Banking rails are moving past the 'stablecoin winner' narrative: Sygnum
Key takeaways
- Also in the race to issue a stablecoin is Qivalis, a consortium of 37 of the European Union’s largest banks, which aims to launch a digital euro before the end of this year.
- The big push from banks directly challenges what European politicians have been saying about who should control the future of digital money.
- While Sygnum’s multi-instrument approach actually supports Lagarde’s thesis that stablecoins are not a silver bullet, it does challenge her conclusion on how to fix the issue.
Rather than waiting for a single winner to emerge, large asset managers and corporate treasuries are demanding a multi-instrument setup in which stablecoins, tokenized bank deposits and tokenized money market funds all run on the same infrastructure.

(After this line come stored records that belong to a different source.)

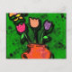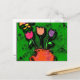 Grüner Hintergrund mit farbenfrohen Blume und einem Schmetterling, der über den Kopf schwebt. Schöne digitale Illustration. Freuen Sie sich auf ein cooles, farbenfrohes Design. Eine hübsche Postkarte mit einem lustigen Gefühl. Für diese stilvolle Postkarte stehen passende Briefmarke zur Verfügung.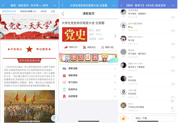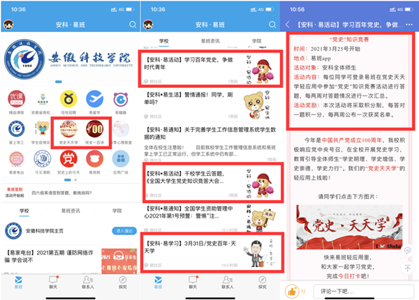 风雨百年,鉴往知来。为深入贯彻落实习近平总书记在党史学习教育动员大会上的重要讲话精神,落实《安徽科技学院“永远跟党走”学生党史学习教育方案》,切实增强学生党史学习教育的针对性、实效性,我校易班积极打造党史教育“云课堂”。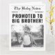 Faça com que o anúncio da gravidez do seu irmão mais velho seja engraçado e memorável! Nosso cartão "Promovido ao irmão mais velho" permite que você mostre fotos e compartilhe as notícias de uma forma única. Com modelos personalizáveis, você pode adicionar seu próprio toque pessoal ao anúncio. Compartilhe a alegria com a família e os amigos com este anúncio divertido e criativo. Compre agora e comece a criar o seu próprio anúncio de gravidez, único e personalizado, do irmão mais velho.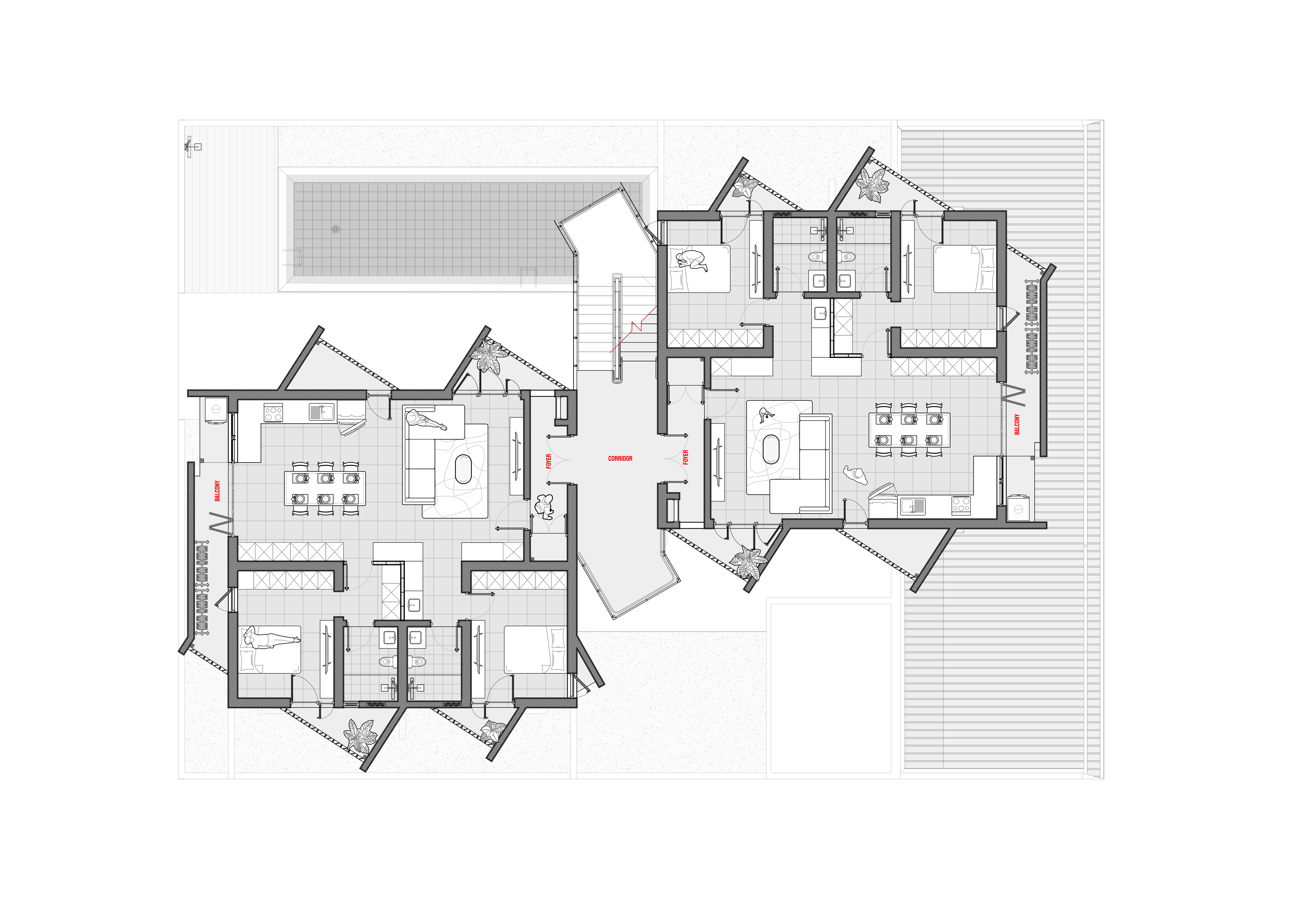 The upper floors accommodate five larger two-bedroom units—two on the second floor, two on the third, and one on the fourth floor, which also enjoys direct access to the rooftop. Each unit features a living area, dining space, kitchen, and a service balcony for functional needs. Additionally, four balconies are integrated into the façade design, acting as filters for sunlight and views while enhancing privacy and security. This configuration ensures that every unit maintains a comfortable microclimate and a layered visual relationship between interior and exterior spaces.

“The demand from institutional clients is consistent: they are not waiting for any single instrument to prevail,” Thomas Eichenberger, chief strategy officer and deputy group CEO at Swiss-based digital asset bank Sygnum, told CoinDesk on Thursday in an email.
“They are asking how tokenized deposits, regulated stablecoins, and tokenized money market funds can be combined and made interoperable, so a treasury function can move between them — permissioned settlement, 24/7 cross-border flows, yield with on-demand liquidity — under one regulatory framework they already trust,” he added.